→ **TASK DESCRIPTION**:
Everything in the entries except the pictures should be copied exactly.

→ **DATA FOR PROCESSING**:
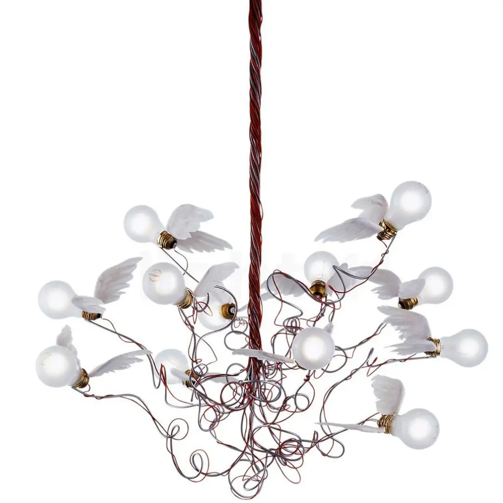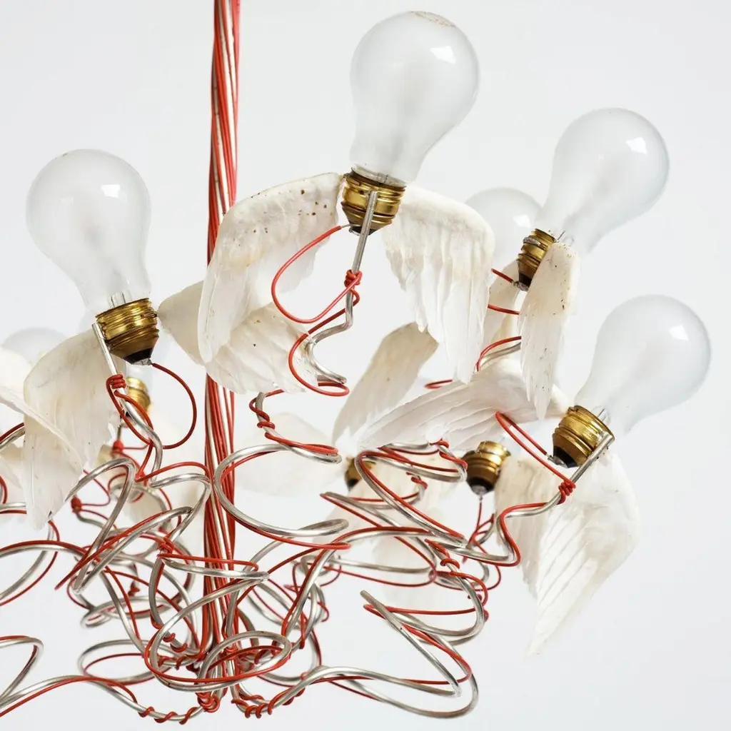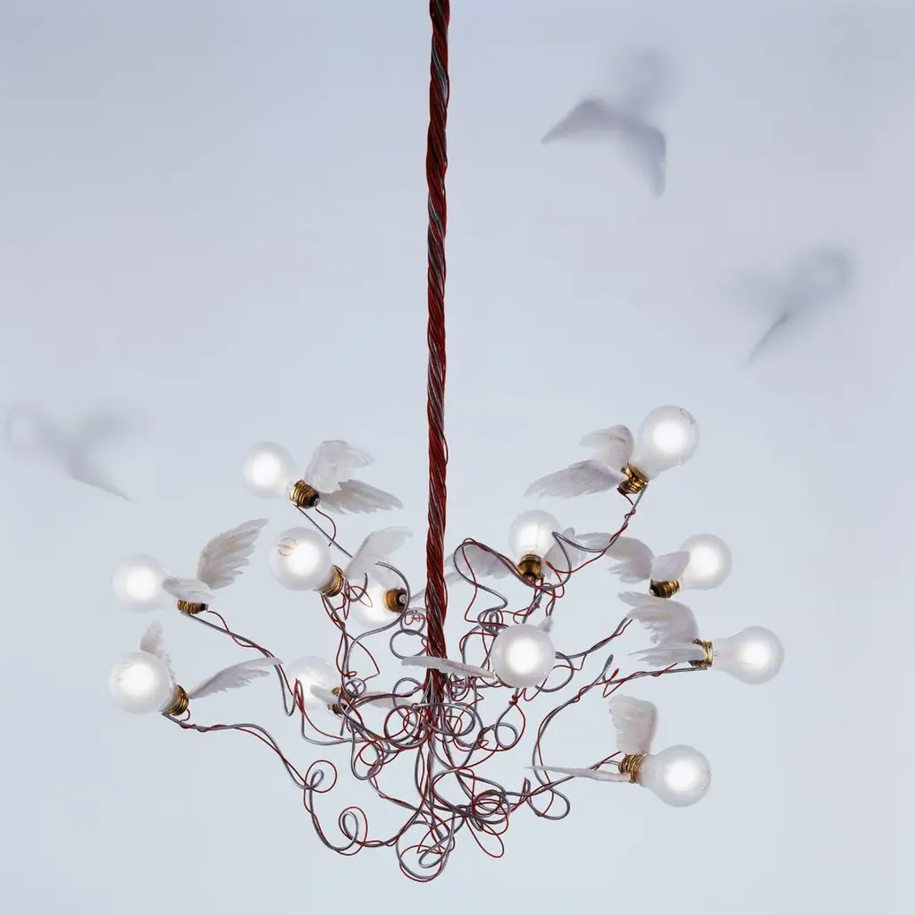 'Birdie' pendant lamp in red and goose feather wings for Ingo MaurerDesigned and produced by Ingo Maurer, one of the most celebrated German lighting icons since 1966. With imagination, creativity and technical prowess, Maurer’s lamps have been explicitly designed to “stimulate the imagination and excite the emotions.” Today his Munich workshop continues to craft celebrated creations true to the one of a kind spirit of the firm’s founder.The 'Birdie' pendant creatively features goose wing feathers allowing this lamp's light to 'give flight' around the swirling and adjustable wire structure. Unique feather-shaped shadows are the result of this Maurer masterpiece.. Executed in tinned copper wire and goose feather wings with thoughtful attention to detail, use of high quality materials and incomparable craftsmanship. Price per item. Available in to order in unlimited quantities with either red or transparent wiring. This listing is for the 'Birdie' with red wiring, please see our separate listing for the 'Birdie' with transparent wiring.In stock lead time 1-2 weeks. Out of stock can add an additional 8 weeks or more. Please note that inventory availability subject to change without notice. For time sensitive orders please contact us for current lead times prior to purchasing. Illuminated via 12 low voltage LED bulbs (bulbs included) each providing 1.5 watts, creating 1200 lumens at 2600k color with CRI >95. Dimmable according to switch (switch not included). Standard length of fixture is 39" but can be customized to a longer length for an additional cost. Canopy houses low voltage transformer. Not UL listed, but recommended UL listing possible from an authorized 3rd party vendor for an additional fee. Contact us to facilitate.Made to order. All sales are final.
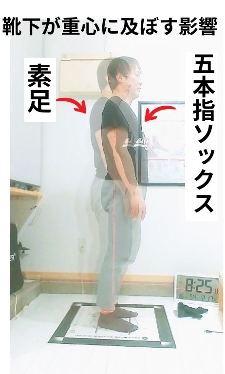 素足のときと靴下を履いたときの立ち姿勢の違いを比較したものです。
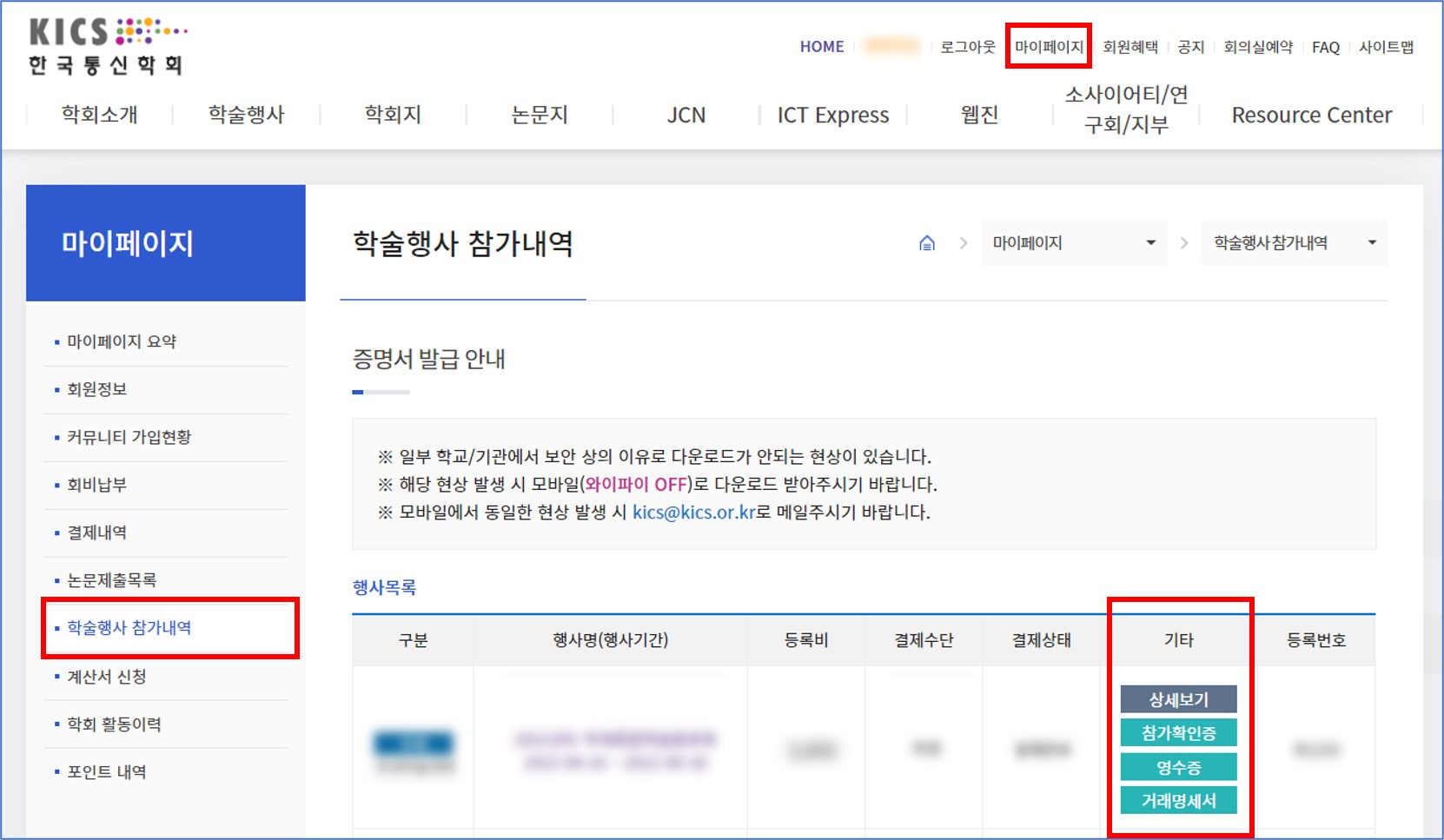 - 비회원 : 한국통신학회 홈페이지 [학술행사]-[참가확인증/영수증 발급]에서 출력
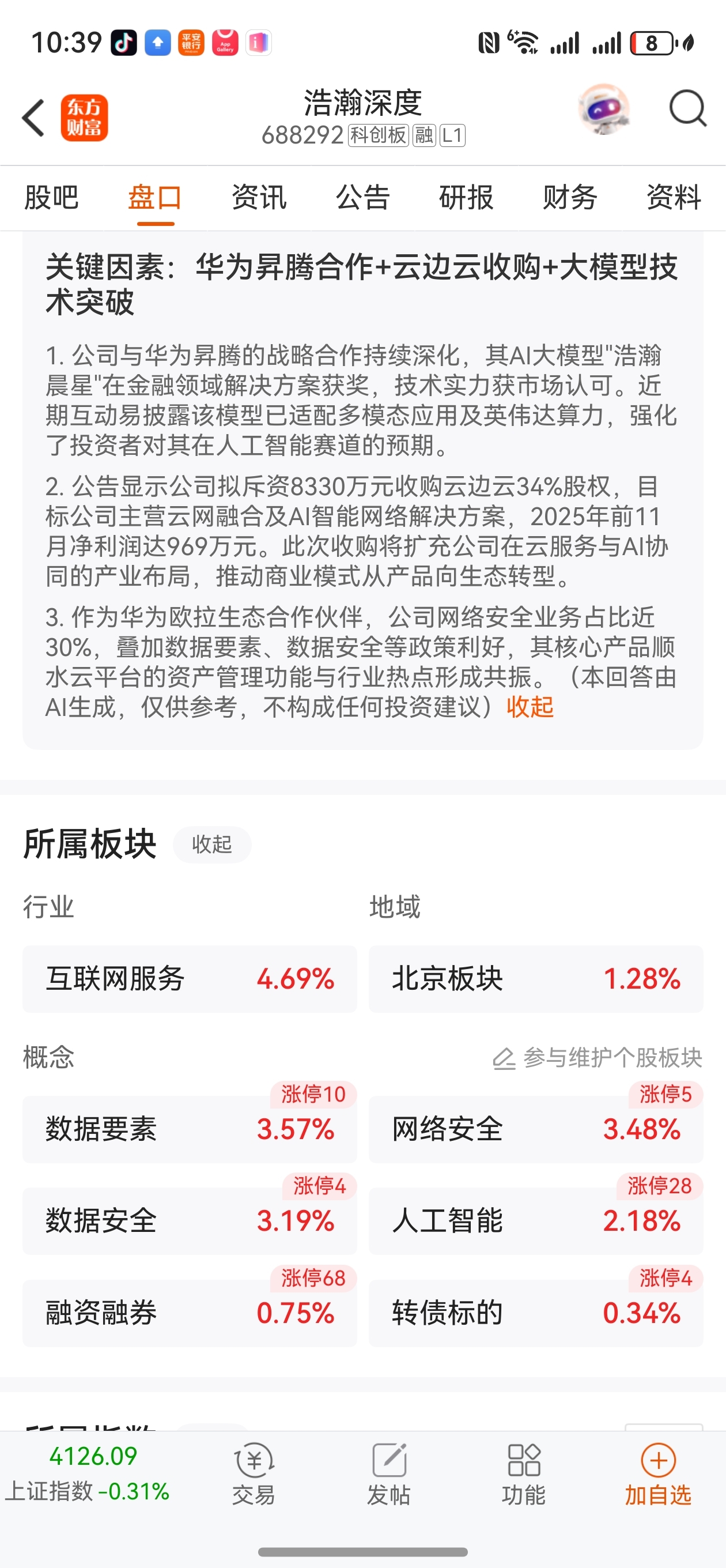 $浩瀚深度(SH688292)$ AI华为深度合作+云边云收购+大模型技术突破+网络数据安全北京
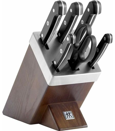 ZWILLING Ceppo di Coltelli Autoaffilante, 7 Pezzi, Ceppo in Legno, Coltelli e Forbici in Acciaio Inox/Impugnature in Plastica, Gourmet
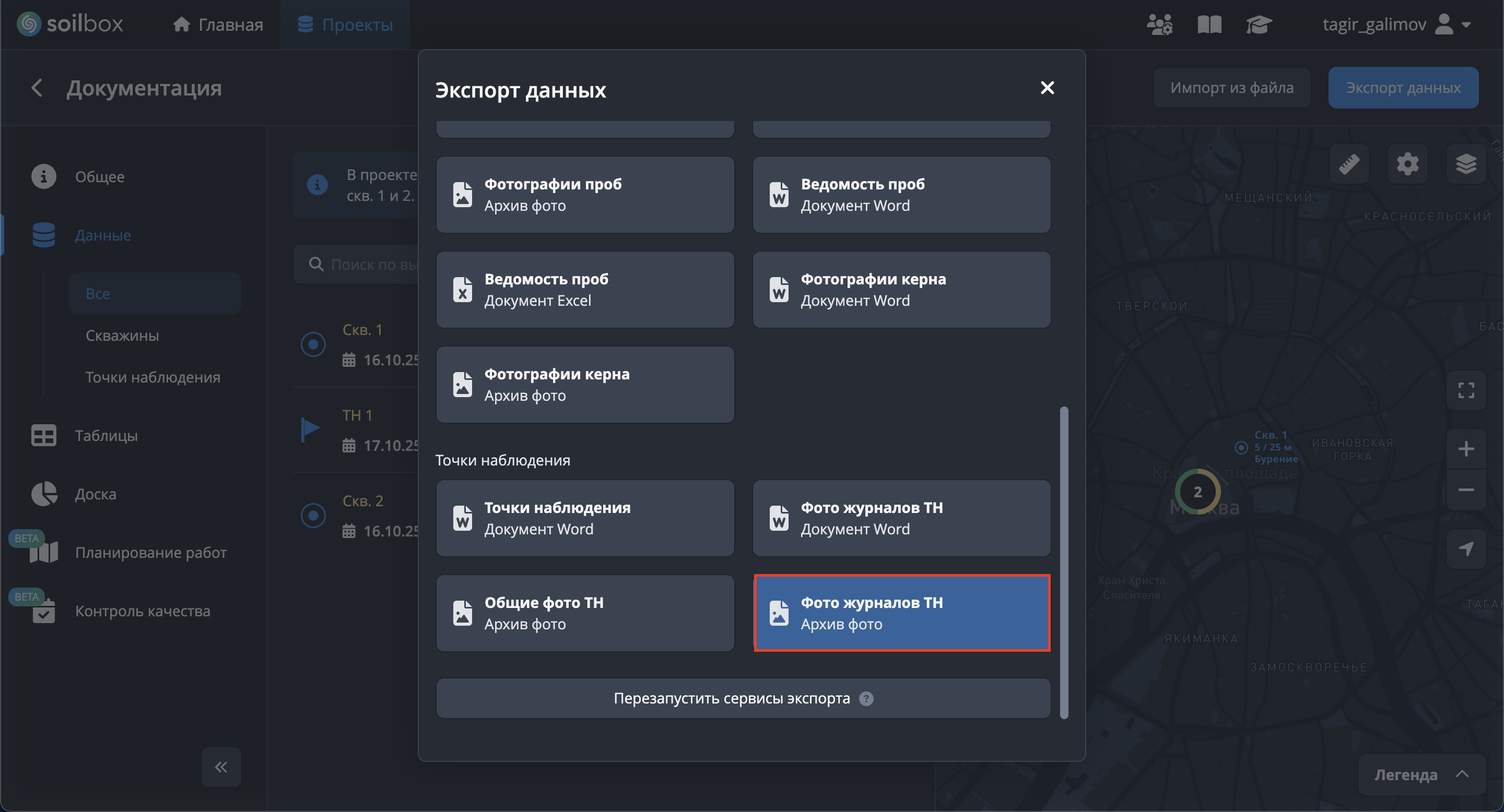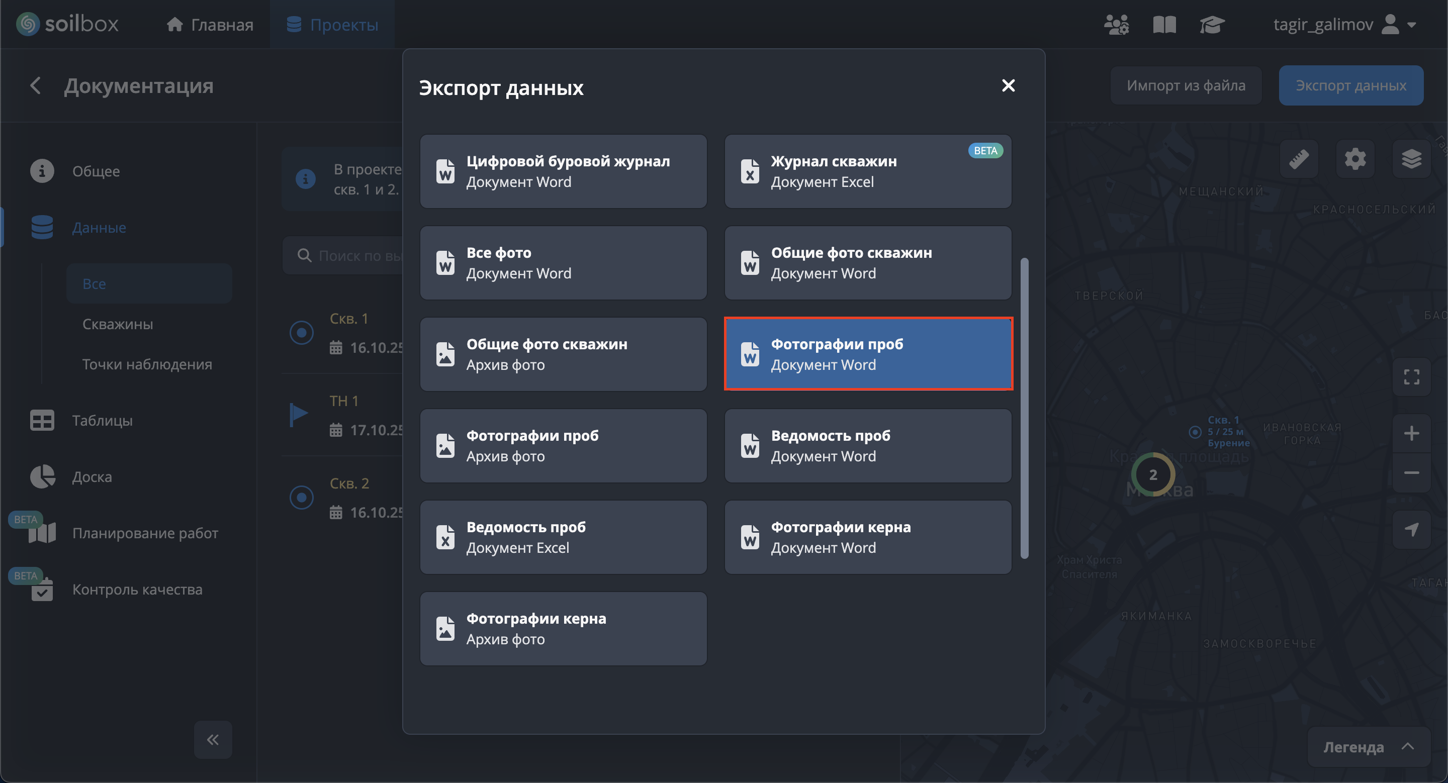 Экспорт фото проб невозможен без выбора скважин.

→ **WRITTEN RESPONSE**:
 'Birdie' pendant lamp in red and goose feather wings for Ingo MaurerDesigned and produced by Ingo Maurer, one of the most celebrated German lighting icons since 1966. With imagination, creativity and technical prowess, Maurer’s lamps have been explicitly designed to “stimulate the imagination and excite the emotions.” Today his Munich workshop continues to craft celebrated creations true to the one of a kind spirit of the firm’s founder.The 'Birdie' pendant creatively features goose wing feathers allowing this lamp's light to 'give flight' around the swirling and adjustable wire structure. Unique feather-shaped shadows are the result of this Maurer masterpiece.. Executed in tinned copper wire and goose feather wings with thoughtful attention to detail, use of high quality materials and incomparable craftsmanship. Price per item. Available in to order in unlimited quantities with either red or transparent wiring. This listing is for the 'Birdie' with red wiring, please see our separate listing for the 'Birdie' with transparent wiring.In stock lead time 1-2 weeks. Out of stock can add an additional 8 weeks or more. Please note that inventory availability subject to change without notice. For time sensitive orders please contact us for current lead times prior to purchasing. Illuminated via 12 low voltage LED bulbs (bulbs included) each providing 1.5 watts, creating 1200 lumens at 2600k color with CRI >95. Dimmable according to switch (switch not included). Standard length of fixture is 39" but can be customized to a longer length for an additional cost. Canopy houses low voltage transformer. Not UL listed, but recommended UL listing possible from an authorized 3rd party vendor for an additional fee. Contact us to facilitate.Made to order. All sales are final.
 素足のときと靴下を履いたときの立ち姿勢の違いを比較したものです。
 - 비회원 : 한국통신학회 홈페이지 [학술행사]-[참가확인증/영수증 발급]에서 출력
 $浩瀚深度(SH688292)$ AI华为深度合作+云边云收购+大模型技术突破+网络数据安全北京
 ZWILLING Ceppo di Coltelli Autoaffilante, 7 Pezzi, Ceppo in Legno, Coltelli e Forbici in Acciaio Inox/Impugnature in Plastica, Gourmet
 Экспорт фото проб невозможен без выбора скважин.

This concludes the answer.